Synagogue Membership in 2010

Membership of a synagogue has traditionally been regarded as the most widely held point of formal affiliation to and identity with the Jewish community. However, the situation has been changing fast in recent years, with membership becoming more fluid and transient. It is therefore of interest that the Institute for Jewish Policy Research and the Board of Deputies of British Jews have jointly published Synagogue Membership in the United Kingdom in 2010, by David Graham and Daniel Vulkan. It is available to download from:

This report continues a series of approximately quinquennial surveys of synagogue membership in the UK which was initiated by the Board in 1977. However, in order to capture the growing Strictly Orthodox membership, the methodology employed for the 2010 census (primarily conducted online using Survey Monkey between June 2009 and February 2010) differed from earlier investigations, necessitating adjustment to the statistics published for earlier years.

The total number of synagogue members by household (i.e. not individuals) in the UK in 2010 is 82,963 in 409 synagogues. 73% of Jewish households in the UK are estimated to belong to a synagogue. The decline in synagogue membership flattened out between 2005 and 2010 (with a decrease of only 0.3%), but the 2010 figure is still 24% below the level in 1983.

The largest synagogue group, by denomination, is Central Orthodox (including the United Synagogue), with 55% of the total membership, compared with 66% in 1990. By contrast, the number of Strictly Orthodox synagogue members has more than doubled over these two decades, to reach 11%. Masorti numbers have also risen, by 85%, but they remain less than 3% of total synagogue membership. The overall proportion of ‘non-Orthodox’ relative to ‘Orthodox’ strands has increased from 26% to 31%.

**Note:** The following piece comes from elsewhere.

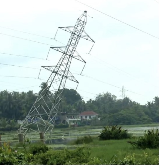 കോഴിക്കോട്: കനത്ത കാറ്റിലും മഴയിലും കോഴിക്കോട് നല്ലളത്ത് 110 കെ വി ലൈന് ടവര് ചെരിഞ്ഞങ്കിലും വന് ദുരന്തം ഒഴിലായി. ലൈന് ടവര് നിലംപൊത്താതിരുന്നതിനാലാണ് വന്ദുരന്തം ഒഴിവായത്. വെള്ളക്കെട്ടില് സ്ഥാപിച്ച ടവറാണ് ഇന്നലെ രാത്രിയിലെ കാറ്റിലും മഴയിലും ചെരിഞ്ഞത്. കാറ്റും മഴയും തുടര്ന്നാല് ടവര് പൂര്ണമായും വീഴുമെന്ന ആശങ്കയിലാണ് പ്രദേശവാസികള്.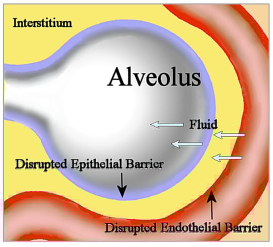 Noncardiogenic pulmonary edema is unrelated to the increased vascular hydrostatic pressure in cardiogenic pulmonary edema usually seen in heart failure. In noncardiogenic pulmonary edema, disruption of the microvascular endothelial barrier increases permeability to fluid, which then fills the interstitium. Disruption of the alveolar epithelial barrier additionally increases permeability to interstitial fluid that floods the alveolus [20]; see Figure 1. This influx of edematous fluid may contain red blood cells [21].

Almost 64% of synagogue members live in London, a higher proportion than the 56% of affiliating Jews resident there at the 2001 census. However, the number of synagogue members in the capital (defined in terms of political administrative boundaries) has fallen by one-fifth since 1990. A further 9% of synagogue members are in districts contiguous with London (South Hertfordshire and South-West Essex) and 10% are in Greater Manchester. The remaining 10 UK regions account for only 17% of all synagogue members.